You may expect that we will use the `read_json()` function within this operation but it becomes complicated as we need to convert the JSON data into a JSON string first.  However, if we make the request using the `requests` library and get the `response` in `JSON` format, we can simply pass this into a ***Pandas*** `DataFrame` object.

First though, we need to install the `requests` library:

In [None]:
# Install requests
!pip install requests

Then we can make a request to the API and convert the response into a `DataFrame`.

> In this example, we will use some dummy data hosted at `https://jsonplaceholder.typicode.com/posts` which is a free API that provides dummy data for testing purposes.

In [None]:
# Import the requests library
import requests

# Make a request to the API that returns data
url = 'https://book-data-api.onrender.com/categories'
response = requests.get(url)

# Convert the response body
json_data = response.json()

# Put the json_data into a DataFrame
df10 = pd.DataFrame(json_data)

# Display the Data
df10[['category', 'number_of_books']].head(10)

# Display the number of books in the category Fiction
df10[df10['category']=='Fiction'][['category','number_of_books']]

# Sort 
df10.sort_values('number_of_books', ascending=True)

> If you wanted to use the `read_json()` function, you would need to convert the JSON data into a JSON string first.  ***Pandas*** provides this functionality, but it is an unnecessary step!

```python
response = requests.get(url)

json_data = response.json()

df = pd.read_json(pd.io.json.dumps(json_data))
```

---

### Reading a Parquet File into a Data Frame

> #### What is a Parquet File?
>
> A Parquet file is a columnar storage file format that is optimized for reading and writing large datasets.

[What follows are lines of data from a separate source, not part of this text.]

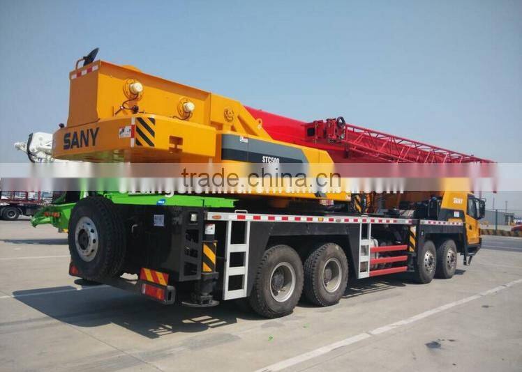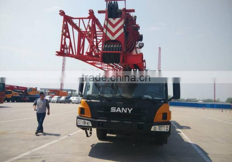 The truck crane, with spacious cab and luxurious equipments, adopts full slewing system, telescopic boom, hydraulic proportional control system and self-made full-width special purpose chassis with four axles. 8×4 drive and hydraulic power steering mechanism provides the crane with good driving performance and flexible steering.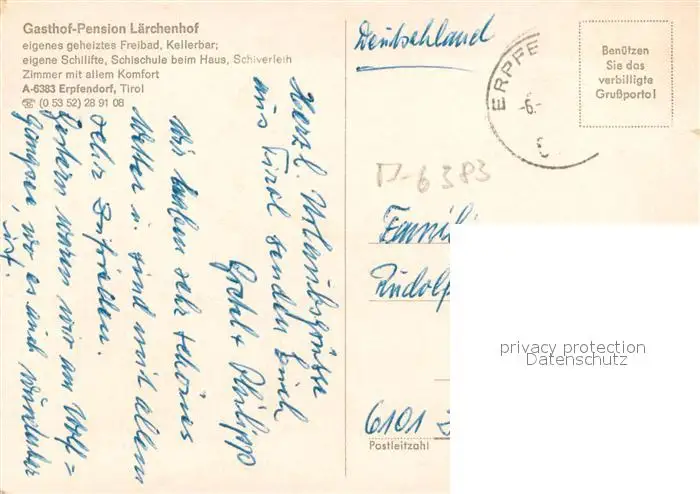 Erpfendorf Gasthof Laerchehof Freibad Erpfendorf postalisch gelaufen nach 1965 Erhaltung siehe scans [LiesaD40] LiesID40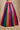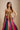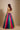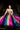 Color and sparkle are celebrated in this lively and playful ensemble. With its distinctive gold-toned bustier and large, oversized bow detail at the front, the top exudes whimsical glamour. The full, voluminous skirt, with its striking vertical stripes in a vibrant color scheme of fuchsia, teal, purple, and shimmering gold, is the true show-stopper. The ensemble really stands out thanks to the dynamic and striking effect created by each stripe. A festive and opulent atmosphere is produced by the combination of vibrant hues and shimmering gold stripes.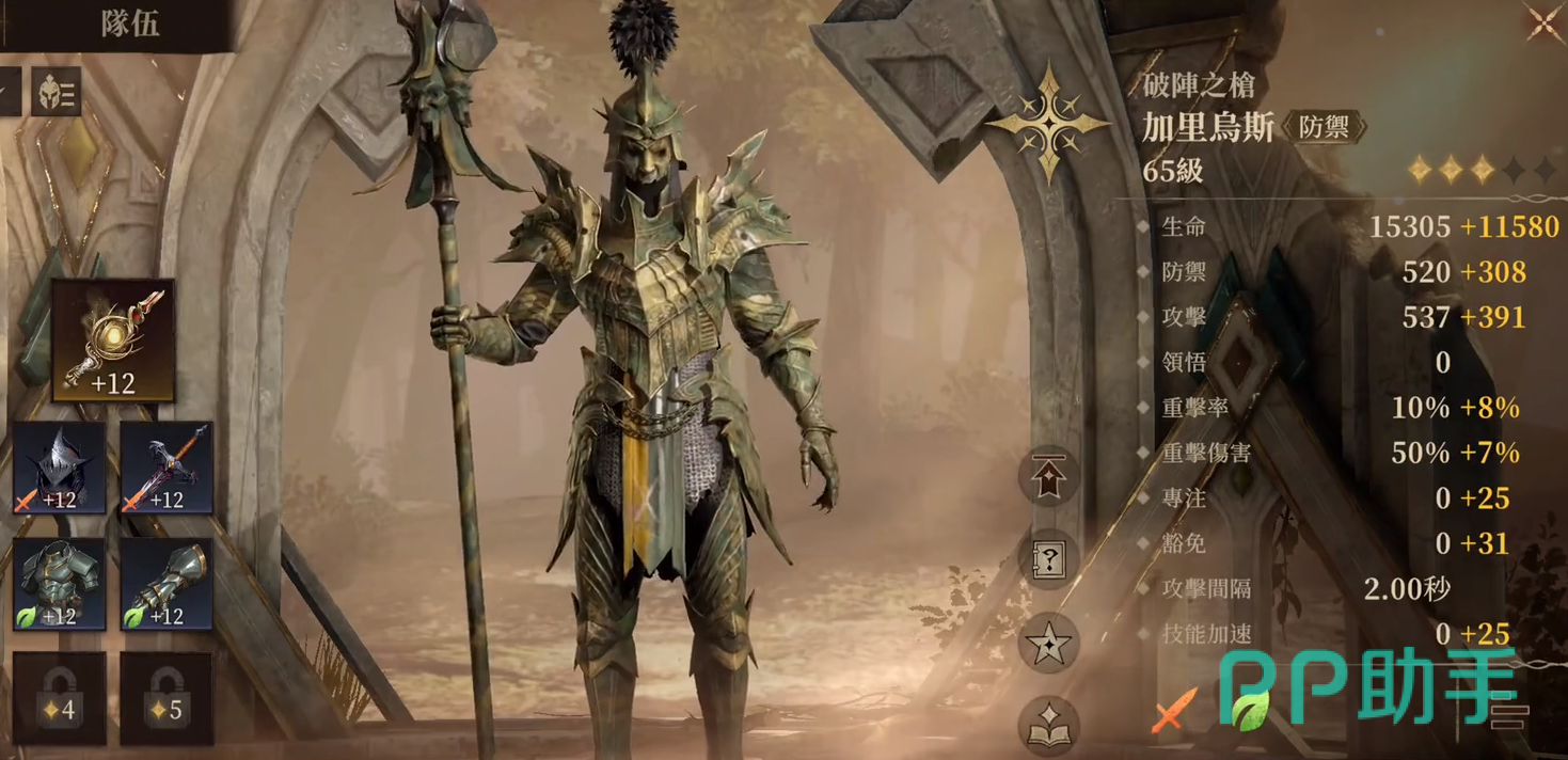 阵容组成:加里乌斯+菲洛希亚+拉瓦+葛尔芬+布莱丁。

It is designed to be highly efficient for analytical workloads, and it is widely used in the big data ecosystem.  They are binary files and so opening the `data.parquet` file in the `data` folder here will not display anything.

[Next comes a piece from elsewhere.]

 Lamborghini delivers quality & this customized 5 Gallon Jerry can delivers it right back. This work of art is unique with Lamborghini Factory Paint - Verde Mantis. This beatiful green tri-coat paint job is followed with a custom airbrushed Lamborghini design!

We can use ***Pandas*** `read_parquet()` function to read in a Parquet file into a `DataFrame`.

In [None]:
%pip install pyarrow

In [None]:
df11 = pd.read_parquet('data/data.parquet')
df11

---

## Reading Data in Other Formats

Pandas have an extensive list of functions to read data from other formats.  You can find the full list of functions in the [Pandas documentation](https://pandas.pydata.org/docs/reference/io.html).

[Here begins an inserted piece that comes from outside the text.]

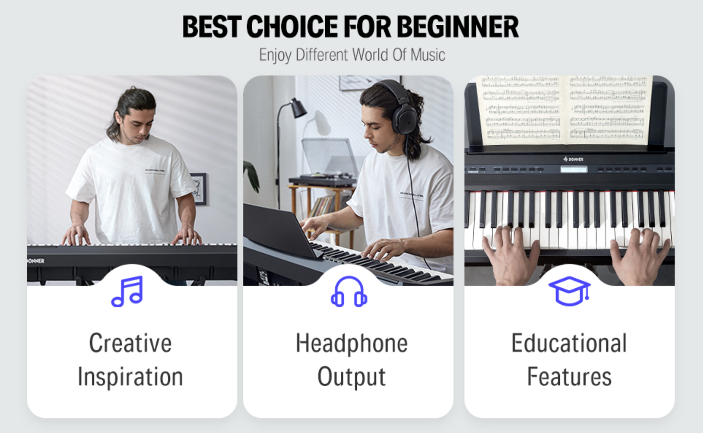 As a parent, there is nothing better than watching your child discover a creative new hobby. When you choose the right piano, you will give them a passion for life and help them appreciate music while teaching them how to overcome challenges and achieve goals. Donner’s DEP pianos offer a wide range of features to give your child more possibilities on their musical journey.

The most notable not demonstrated are:

- `read_table()` - Read general delimited file into DataFrame
- `read_feather()` - Load a feather-format object from the file path - feather is a fast, lightweight, and easy-to-use binary file format for storing data frames
- `read_gbq()` - Load data from Google BigQuery
- `read_pickle()` - Load pickled pandas object (or any object) from file - a pickled pandas object is a serialized version of a pandas object that can be saved to disk and loaded back into memory

---

## What about Streamed Data?

Data from streaming sources, such as Kafka, take a little more work to read into a `DataFrame`.  You would need to use a library such as `confluent_kafka` to read the data from the stream and then convert it into a `DataFrame`.  This will be covered in another session!